TASK PROMPT:
Give the lines again exactly as they appear below, from the line with "На изображении видно" to the line with "Våre kunstige trær", both included, and only those lines. Leave every picture out.
────────────────────
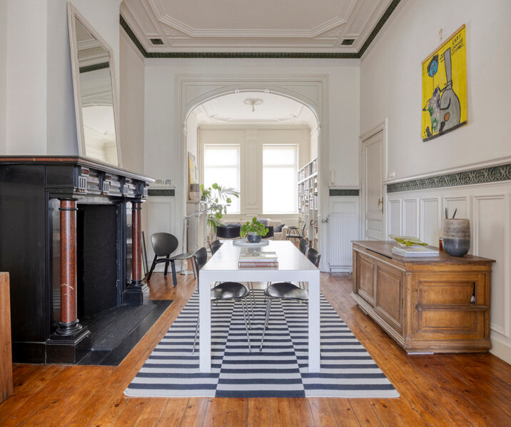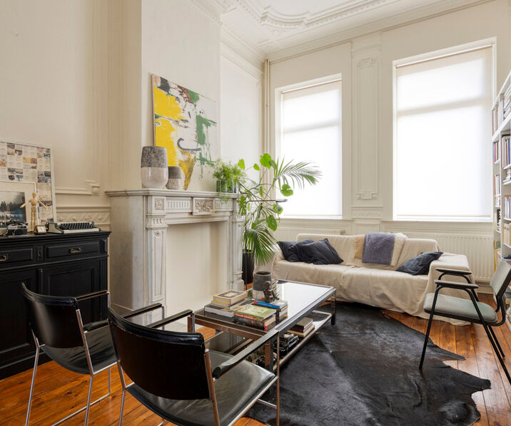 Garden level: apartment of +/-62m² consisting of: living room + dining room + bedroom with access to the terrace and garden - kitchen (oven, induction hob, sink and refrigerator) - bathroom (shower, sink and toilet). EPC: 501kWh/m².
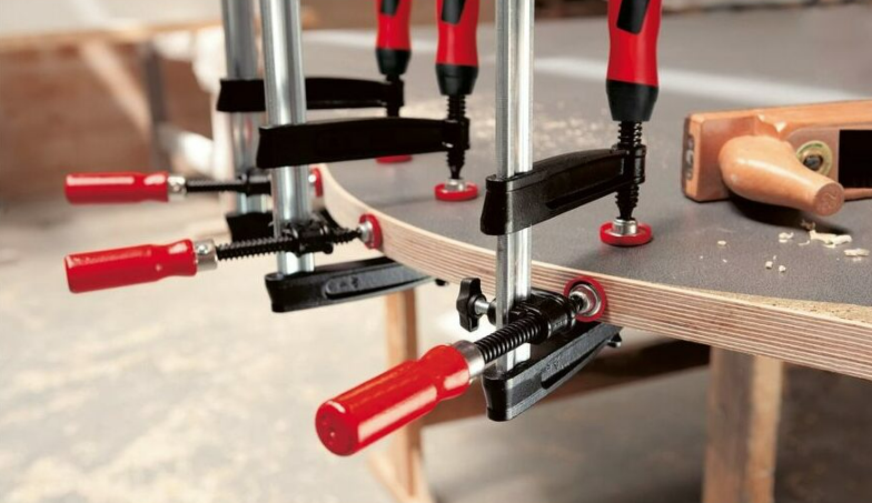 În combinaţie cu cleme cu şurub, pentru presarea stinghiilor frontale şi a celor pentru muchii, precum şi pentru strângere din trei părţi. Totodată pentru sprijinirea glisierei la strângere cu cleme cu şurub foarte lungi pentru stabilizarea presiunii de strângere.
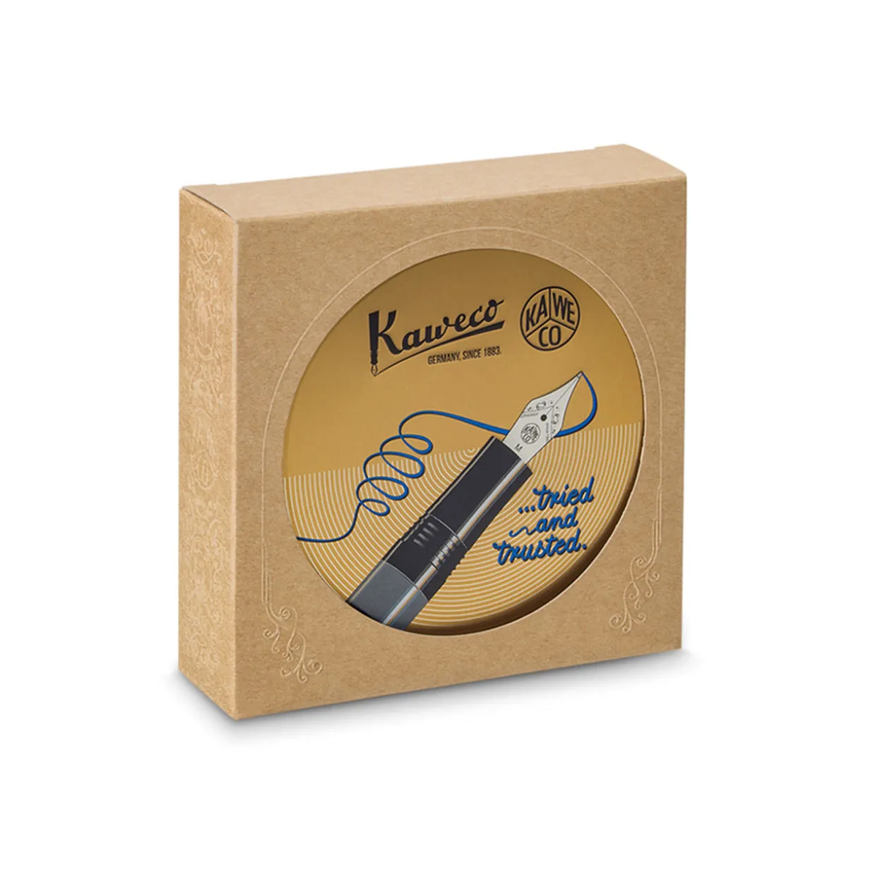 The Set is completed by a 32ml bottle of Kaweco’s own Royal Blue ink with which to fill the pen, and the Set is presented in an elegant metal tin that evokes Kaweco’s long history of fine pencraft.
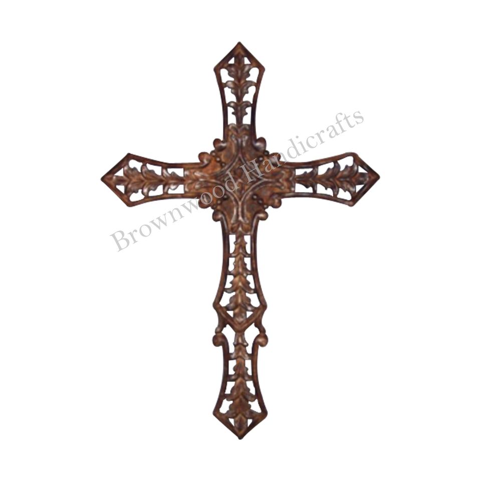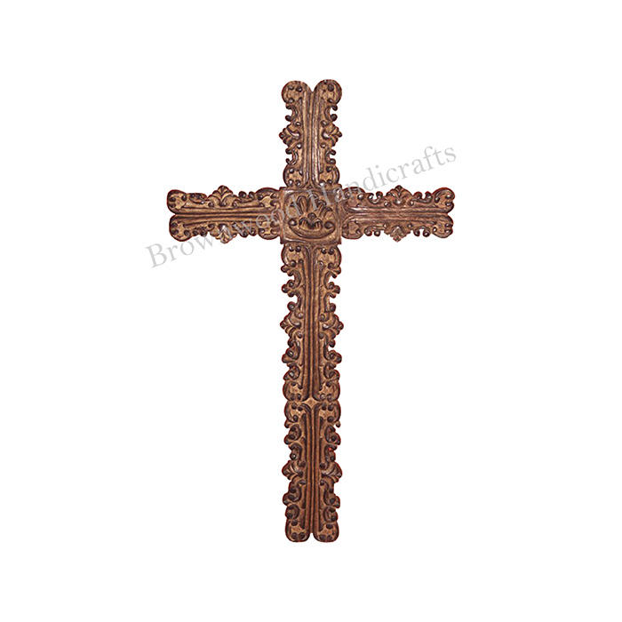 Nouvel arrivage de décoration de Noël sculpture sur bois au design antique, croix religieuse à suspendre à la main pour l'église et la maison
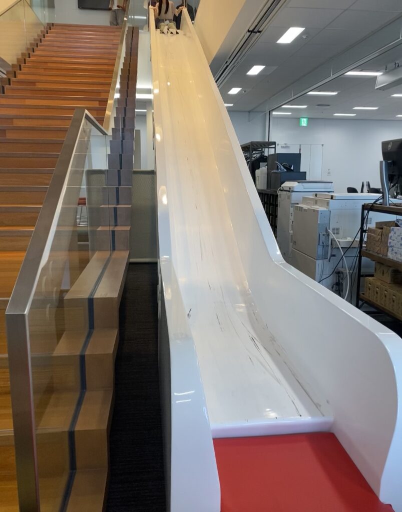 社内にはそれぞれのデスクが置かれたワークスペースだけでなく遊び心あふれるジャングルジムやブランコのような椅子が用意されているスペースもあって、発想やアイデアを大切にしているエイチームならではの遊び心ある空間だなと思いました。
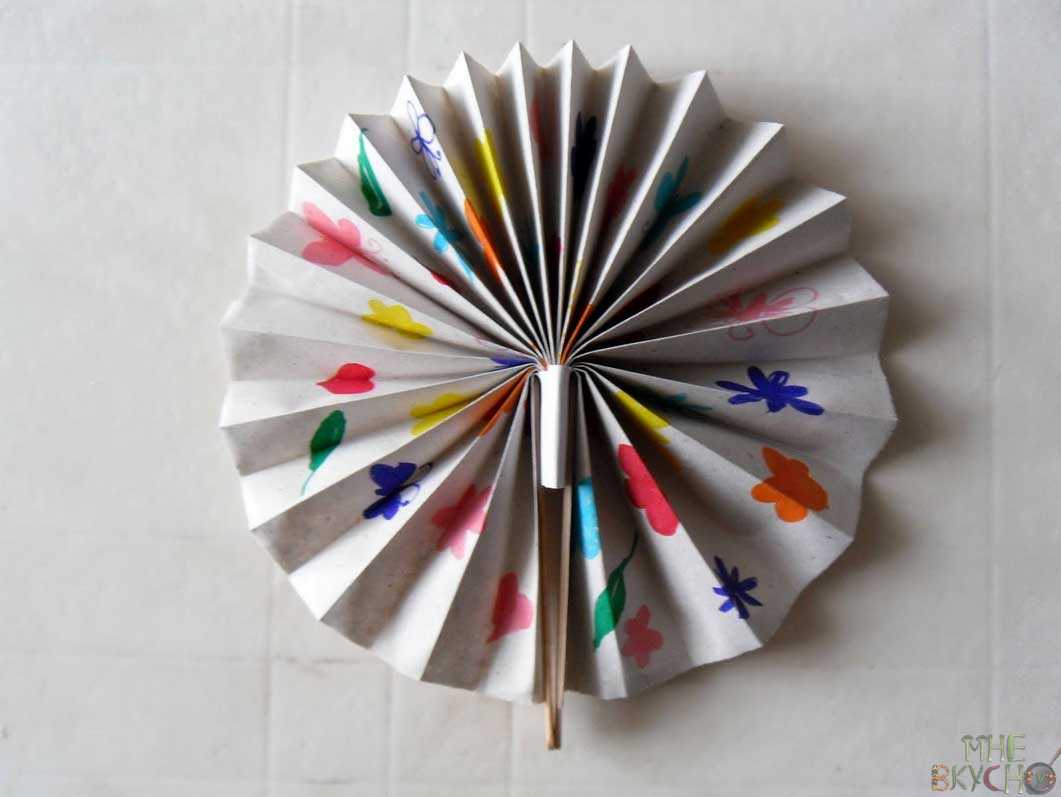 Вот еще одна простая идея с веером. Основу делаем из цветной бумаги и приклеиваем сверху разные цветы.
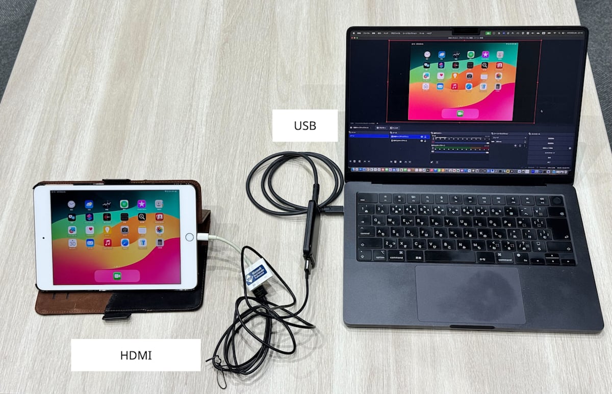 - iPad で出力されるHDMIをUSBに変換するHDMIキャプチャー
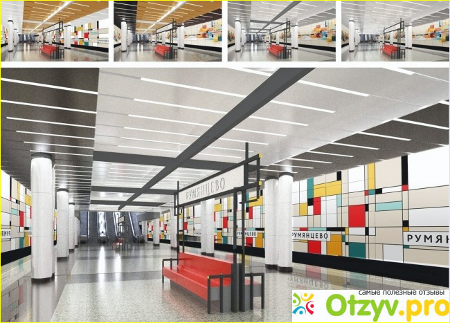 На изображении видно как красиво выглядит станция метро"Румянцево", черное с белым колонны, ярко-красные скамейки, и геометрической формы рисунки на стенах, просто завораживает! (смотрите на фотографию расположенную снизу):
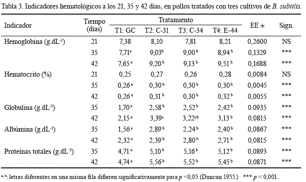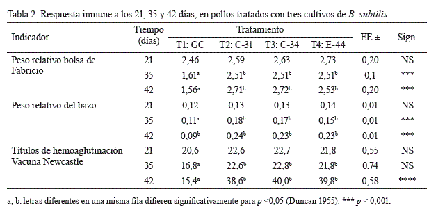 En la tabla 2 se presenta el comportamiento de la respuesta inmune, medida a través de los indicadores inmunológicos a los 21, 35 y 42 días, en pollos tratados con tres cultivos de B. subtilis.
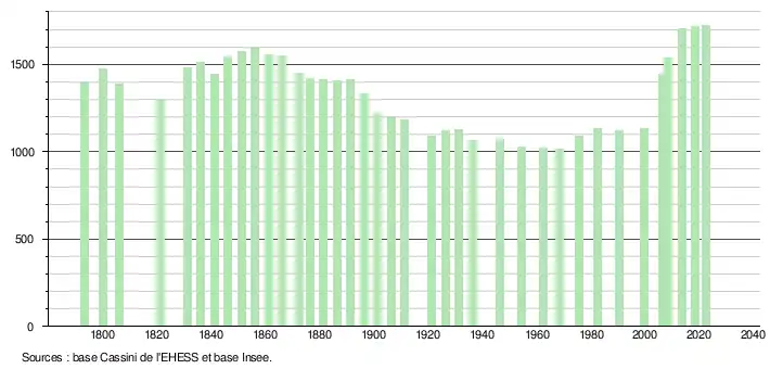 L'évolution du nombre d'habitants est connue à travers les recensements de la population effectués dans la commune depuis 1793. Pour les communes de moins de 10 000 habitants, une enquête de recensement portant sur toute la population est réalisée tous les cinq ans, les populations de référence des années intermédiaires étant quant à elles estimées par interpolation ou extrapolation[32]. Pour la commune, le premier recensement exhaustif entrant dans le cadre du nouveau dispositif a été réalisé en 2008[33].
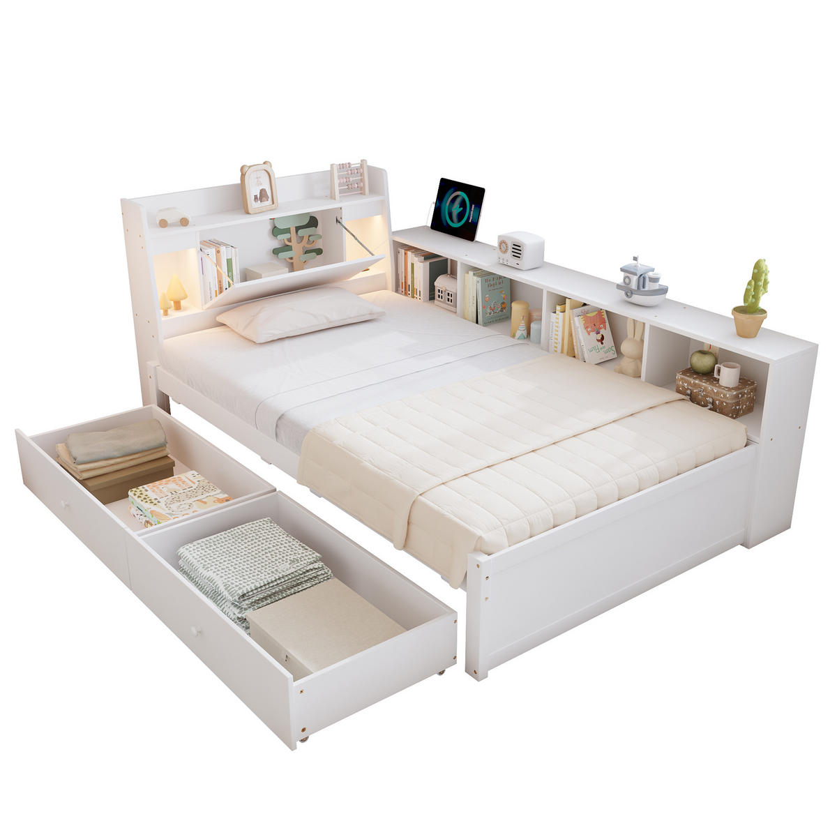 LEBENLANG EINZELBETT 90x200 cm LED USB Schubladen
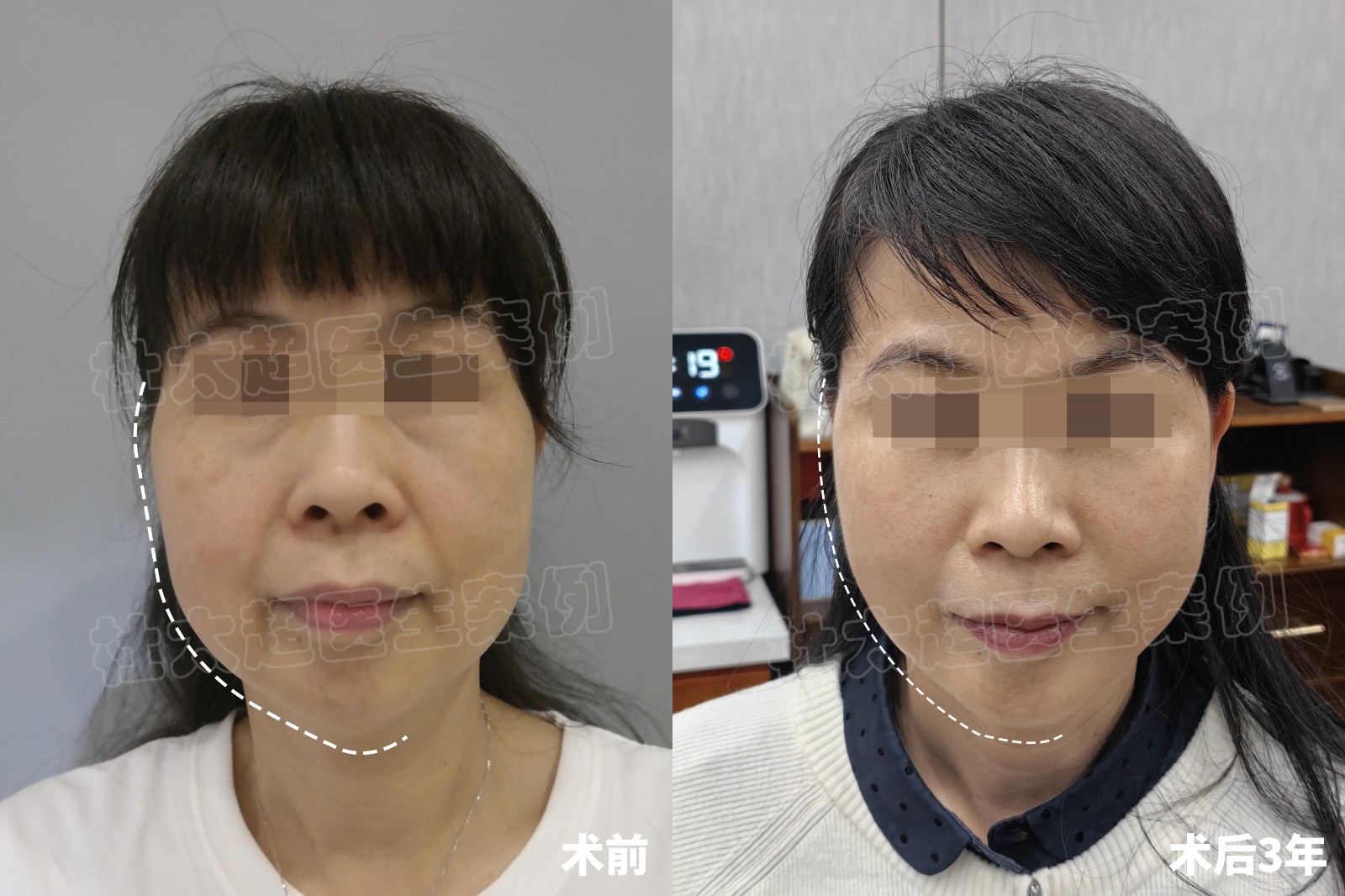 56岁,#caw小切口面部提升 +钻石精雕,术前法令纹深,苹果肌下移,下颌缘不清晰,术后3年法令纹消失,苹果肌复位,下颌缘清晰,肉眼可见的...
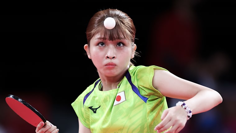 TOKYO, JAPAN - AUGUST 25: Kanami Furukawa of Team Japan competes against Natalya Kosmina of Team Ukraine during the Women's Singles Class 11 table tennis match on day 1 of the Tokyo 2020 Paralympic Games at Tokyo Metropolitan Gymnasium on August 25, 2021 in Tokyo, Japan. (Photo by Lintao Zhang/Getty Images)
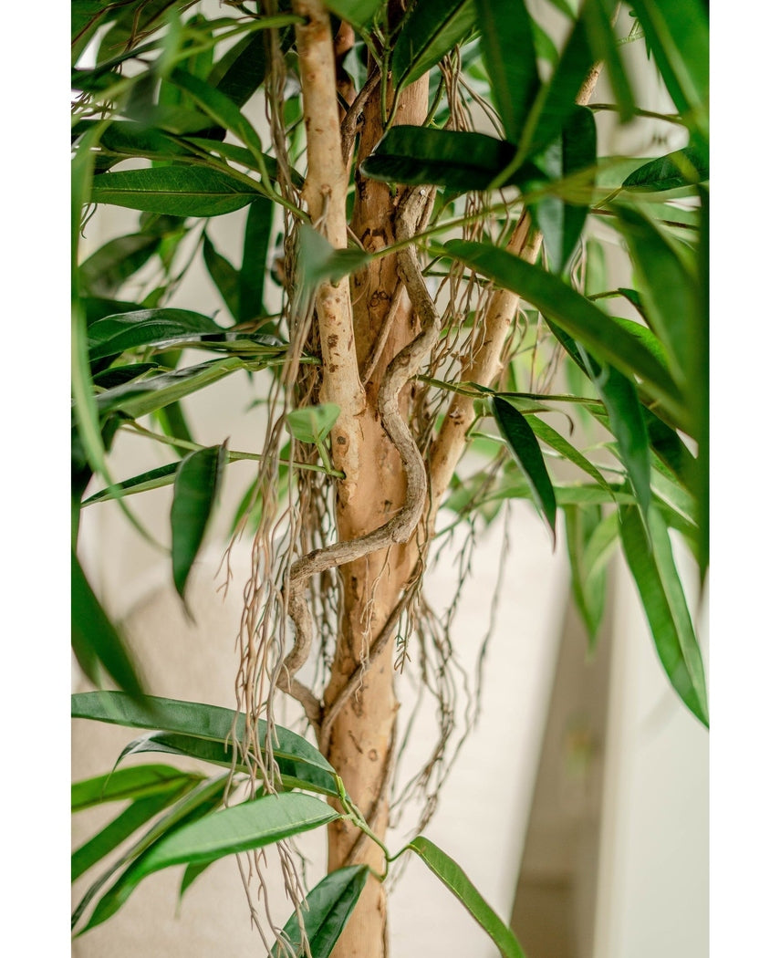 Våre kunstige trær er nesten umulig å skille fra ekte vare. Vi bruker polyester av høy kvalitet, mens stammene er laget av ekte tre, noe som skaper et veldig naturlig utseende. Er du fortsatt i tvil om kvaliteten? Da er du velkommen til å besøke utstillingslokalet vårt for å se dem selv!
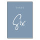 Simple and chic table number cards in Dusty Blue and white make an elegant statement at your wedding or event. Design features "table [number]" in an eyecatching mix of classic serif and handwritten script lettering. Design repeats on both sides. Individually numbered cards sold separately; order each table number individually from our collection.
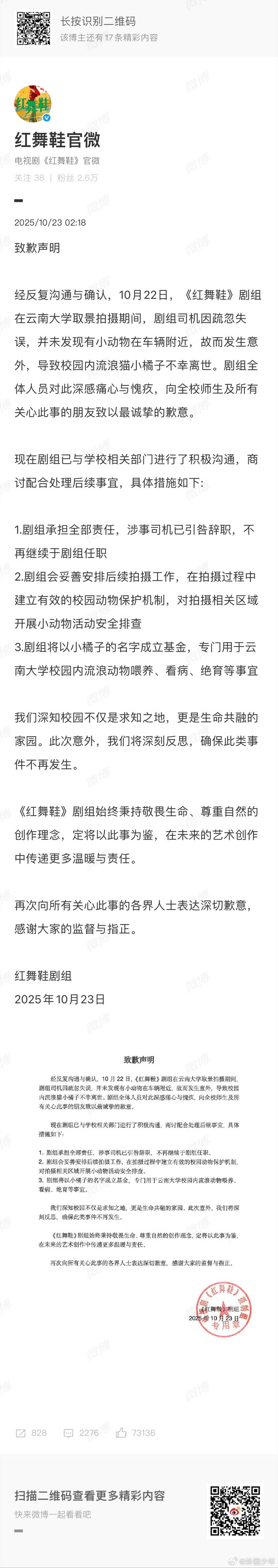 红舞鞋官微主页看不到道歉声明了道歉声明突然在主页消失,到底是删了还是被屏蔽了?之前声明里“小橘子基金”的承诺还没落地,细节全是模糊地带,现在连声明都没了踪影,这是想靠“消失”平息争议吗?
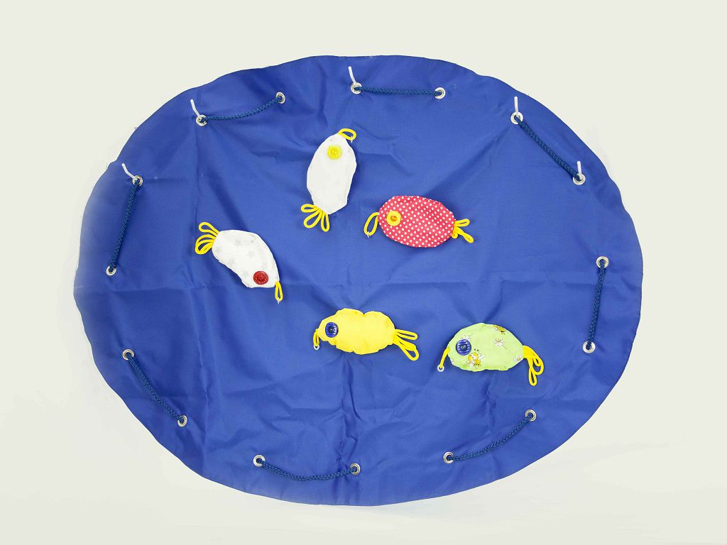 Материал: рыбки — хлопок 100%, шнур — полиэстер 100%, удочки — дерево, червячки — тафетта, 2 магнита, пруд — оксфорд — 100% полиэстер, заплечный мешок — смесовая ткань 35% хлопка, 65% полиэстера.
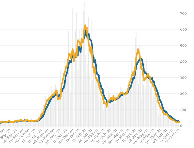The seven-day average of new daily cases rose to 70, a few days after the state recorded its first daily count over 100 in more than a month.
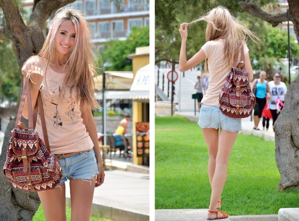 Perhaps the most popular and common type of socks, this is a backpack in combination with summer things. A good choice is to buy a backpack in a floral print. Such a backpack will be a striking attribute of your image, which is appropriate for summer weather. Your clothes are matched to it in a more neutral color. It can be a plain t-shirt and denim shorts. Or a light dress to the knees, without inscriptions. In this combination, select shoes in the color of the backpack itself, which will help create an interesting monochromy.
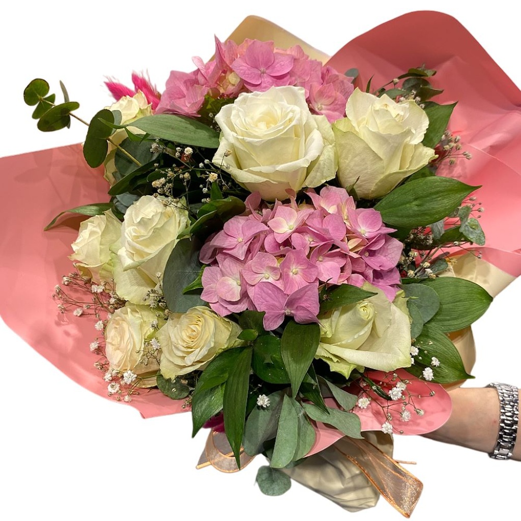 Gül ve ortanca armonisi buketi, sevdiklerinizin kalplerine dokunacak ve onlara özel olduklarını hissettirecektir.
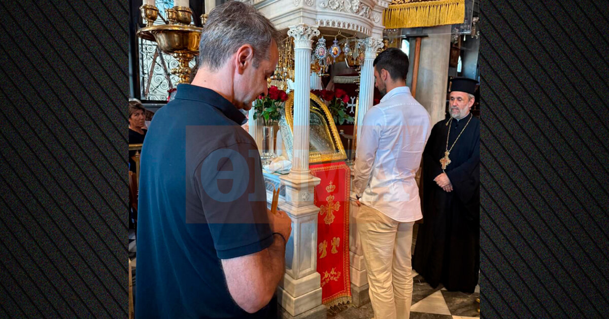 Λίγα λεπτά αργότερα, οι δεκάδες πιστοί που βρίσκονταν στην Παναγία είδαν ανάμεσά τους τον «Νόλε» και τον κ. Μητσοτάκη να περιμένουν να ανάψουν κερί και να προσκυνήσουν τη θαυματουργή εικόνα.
────────────────────
TASK ANSWER:
 На изображении видно как красиво выглядит станция метро"Румянцево", черное с белым колонны, ярко-красные скамейки, и геометрической формы рисунки на стенах, просто завораживает! (смотрите на фотографию расположенную снизу):
 En la tabla 2 se presenta el comportamiento de la respuesta inmune, medida a través de los indicadores inmunológicos a los 21, 35 y 42 días, en pollos tratados con tres cultivos de B. subtilis.
 L'évolution du nombre d'habitants est connue à travers les recensements de la population effectués dans la commune depuis 1793. Pour les communes de moins de 10 000 habitants, une enquête de recensement portant sur toute la population est réalisée tous les cinq ans, les populations de référence des années intermédiaires étant quant à elles estimées par interpolation ou extrapolation[32]. Pour la commune, le premier recensement exhaustif entrant dans le cadre du nouveau dispositif a été réalisé en 2008[33].
 LEBENLANG EINZELBETT 90x200 cm LED USB Schubladen
 56岁,#caw小切口面部提升 +钻石精雕,术前法令纹深,苹果肌下移,下颌缘不清晰,术后3年法令纹消失,苹果肌复位,下颌缘清晰,肉眼可见的...
 TOKYO, JAPAN - AUGUST 25: Kanami Furukawa of Team Japan competes against Natalya Kosmina of Team Ukraine during the Women's Singles Class 11 table tennis match on day 1 of the Tokyo 2020 Paralympic Games at Tokyo Metropolitan Gymnasium on August 25, 2021 in Tokyo, Japan. (Photo by Lintao Zhang/Getty Images)
 Våre kunstige trær er nesten umulig å skille fra ekte vare. Vi bruker polyester av høy kvalitet, mens stammene er laget av ekte tre, noe som skaper et veldig naturlig utseende. Er du fortsatt i tvil om kvaliteten? Da er du velkommen til å besøke utstillingslokalet vårt for å se dem selv!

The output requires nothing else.